Forms of deep folliculitis include:
- Sycosis barbae. This type affects males who have begun to shave.
- Gram-negative folliculitis. This type sometimes develops if you're receiving long-term antibiotic therapy for acne.
- Boils (furuncles) and carbuncles. These occur when hair follicles become deeply infected with staph bacteria. A boil usually appears suddenly as a painful pink or red bump. A carbuncle is a cluster of boils.
- Eosinophilic (e-o-sin-o-FILL-ik) folliculitis. This type mainly affects people with HIV/AIDS. Signs and symptoms include intense itching and recurring patches of bumps and pimples that form near hair follicles of the face and upper body. Once healed, the affected skin may be darker than your skin was previously (hyperpigmented). The cause of eosinophilic folliculitis isn't known.
Folliculitis is most often caused by an infection of hair follicles with Staphylococcus aureus (staph) bacteria.
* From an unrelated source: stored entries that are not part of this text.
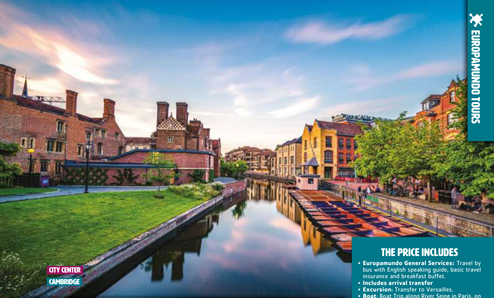
CITY CENTER CAMBRIDGE

charming little village. We will continue and pass by INVERNESS in the north of Scotland, a city located very near the mysterious Loch Ness. After lunch we visit ( entrance included ) the URQUHART medieval castle, from here we will take a boat trip on the dark waters of the lake. Afterwards, we will pass through FORT AUGUST with its sluice gate system and FORT WILLIAM , the tourist center at the foot of Ben Nevis (the highest summit in the United Kingdom). We will return south through the high plateaus where it is possible to glimpse the snow before visiting Loch Lomond, one of the most popular lakes in Scotland. We arrive in GLASGOW at the end of the day. Short stroll around the city center and accommodation.
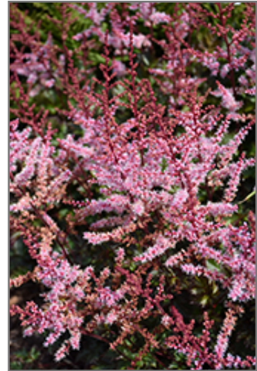
Delft Lace Astilbe flowers

This is a relatively low maintenance plant, and is best cleaned up in early spring before it resumes active growth for the season. It is a good choice for attracting butterflies to your yard, but is not particularly attractive to deer who tend to leave it alone in favor of tastier treats. It has no significant negative characteristics.
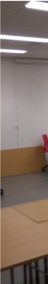
Auditorium B (C)
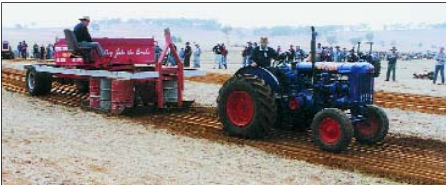
The tractor pull competition, held on the Saturday, provided fascinating entertainment for the spectators. Pictured is a petrol/kero Fordson E27N, driven by an obviously experienced operator who knew how to coax his old tractor into a commanding position in its class. Interestingly, a souped-up snarling hot-rod, which pretended to be an Allis Chalmers but in fact resembled a cross between a dragster and a pensioned off rickshaw, failed to move the sled off the mark.

The official registration tent was staffed by a squad of overworked, overstressed and greatly harassed ladies, each of whom should be awarded Australian of the Year in recognition of their dedication, patience and good cheer. Somehow they dealt with an endless queue of tractor drivers, anxious to register and be told where to go (politely no doubt). A pretty lady in red with a charming smile but the stoicism of a New York cop, insured that each tractor was
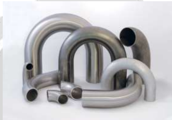
Fig: 2.1 Tube Bending

The Forming Roller method of tube bending is recommended for all large bends where the centerline radius is at least 4 times the outside diameter of the tube. It can also be successfully employed for bending pipe or heavy wall tubing to smaller radii and is the most practical method of bending very small diameter tubing.
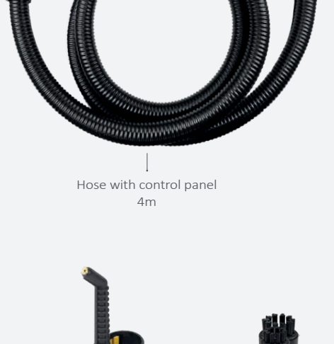
Nylon brush Ø28mm

Folliculitis may also be caused by viruses, fungi and even an inflammation from ingrown hairs.
Follicles are densest on your scalp, and they occur everywhere on your body except your palms, soles, lips and mucous membranes.
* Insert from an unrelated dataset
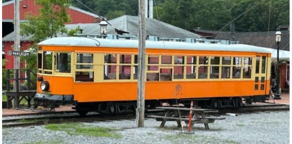
Above: Johnstown Traction Company # 311
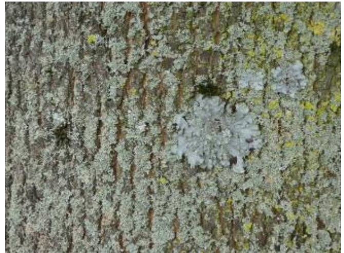
Lichen, sign of fresh air and longevity

Anyone can develop folliculitis. But certain factors make you more susceptible to the condition, including:
- Having a medical condition that reduces your resistance to infection, such as diabetes, chronic leukemia and HIV/AIDS
- Having acne or dermatitis
- Taking some medications, such as steroid creams or long-term antibiotic therapy for acne
- Being a male with curly hair who shaves
- Regularly wearing clothing that traps heat and sweat, such as rubber gloves or high boots
- Soaking in a hot tub that's not maintained well
- Causing damage to hair follicles by shaving, waxing or wearing tight clothing
Possible complications of folliculitis include:
- Recurrent or spreading infection
- Boils under the skin (furunculosis)
- Permanent skin damage, such as scarring or dark spots
- Destruction of hair follicles and permanent hair loss
You can try to prevent folliculitis from coming back with these tips:
- Avoid tight clothes. It helps to reduce friction between your skin and clothing.
- Dry out your rubber gloves between uses. If you wear rubber gloves regularly, after each use turn them inside out, rinse with soap and water, and dry thoroughly.
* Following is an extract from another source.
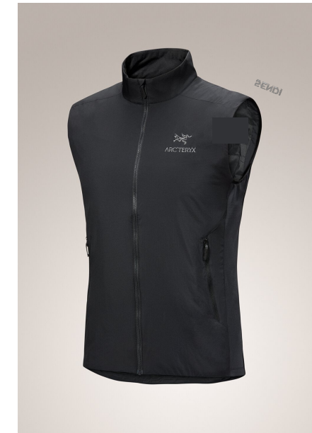
Illumination Jacket & Vest

Bonded seams in waterproof fabric Wind and Rainproof fabric Breathable Lightweight and Packable

- Avoid shaving, if possible. For men with razor bumps (pseudofolliculitis), growing a beard may be a good option if you don't need a clean-shaven face.
- Shave with care. If you shave, adopt habits such as the following to help control symptoms by reducing the closeness of the shave and the risk of damaging your skin:
- Shaving less frequently
- Washing your skin with warm water and antibacterial soap before shaving
- Using a washcloth or cleansing pad in a gentle circular motion to raise embedded hairs before shaving
- Applying a good amount of shaving lotion before shaving
- Shaving in the direction of hair growth, though one study found that men who shaved against the grain had fewer skin bumps. See what works best for you.
- Avoiding shaving too close by using an electric razor or guarded blade and by not stretching the skin
- Using a sharp blade and rinsing it with warm water after each stroke
- Applying moisturizing lotion after you shave
- Avoiding the sharing of razors, towels and washcloths
- Considering hair-removing products (depilatories) or other methods of hair removal. Though they, too, may irritate the skin.
- Use only clean hot tubs and heated pools. And if you own a hot tub or a heated pool, clean it regularly and add chlorine as recommended.
- Talk with your doctor. Depending on your situation and frequency of recurrences, your doctor may suggest controlling bacterial growth in your nose with a five-day regimen of antibacterial ointment and using a body wash with chlorhexidine (Hibiclens, Hibistat). Further study is needed to prove the effectiveness of these steps.